Much of They Called Themselves the KKK is actually more a portrait of the battle for civil rights in the last quarter of the nineteenth century than just a profile of the Ku Klux Klan. Despite the basic downfall of the Klan in 1871, blacks who had never stopped struggling for true freedom after being emancipated would face very dark days in the future. Conventional slavery may have no longer been a big issue, but by 1896 it appears that the majority of Americans had bought into the government enforced state of white supremacy expressed by the Jim Crow laws, and for more than half a century that was the law of the land in our very own United States of America. The Ku Klux Klan had been more or less eradicated, but there was still a long way to go in the fight for freedom in which blacks still engaged as fervently as ever.

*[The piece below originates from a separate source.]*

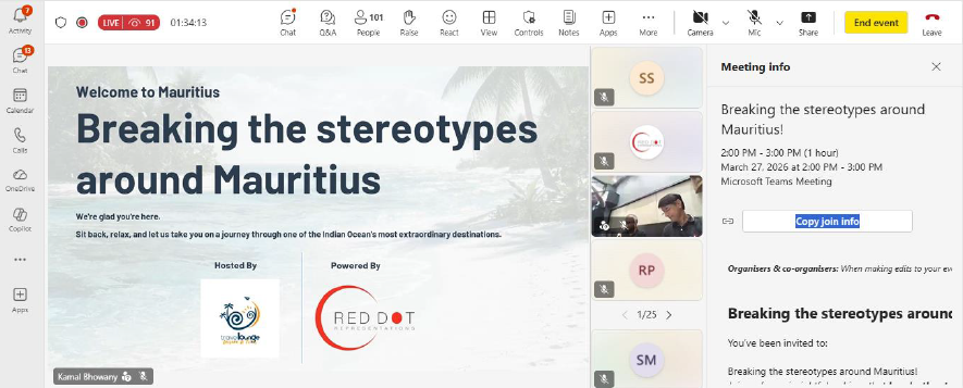 Speaking about the webinar, Leena Jhugroo, Managing Director, Travel Lounge Leisure & Tours, and Prabhakar Kamat, Business Head, Red Dot Representations, jointly said, “The webinar gave us an opportune platform to showcase Mauritius as a destination with immense potential to attract travellers of varying segments. Given the global traveller profile growing exponentially across categories, presenting depth, diversity, and authenticity remains central to every travel destination, and Mauritius holds the potential to deliver it on all fronts when positioned mindfully.”

Susan Campbell Bartoletti has taken the idea of a book about the Ku Klux Klan and turned it into more, describing in terrific detail some crucial moments in American history and what the presence of the Klan in the past and present had to do with those moments. They Called Themselves the KKK focuses mostly on the era directly after the Civil War even though the Klan has done significant things since that time, but I think that the emphasis makes sense. The book's subtitle is The Birth of an American Terrorist Group, so I think that it's appropriate to center primarily on the events surrounding the genesis of the group. They Called Themselves the KKK is a work of insightful, deep research and remarkable historical value for readers of all age, and I would recommend it as probably the definitive book on the subject for young adult readers. I would give at least two and a half stars to this book.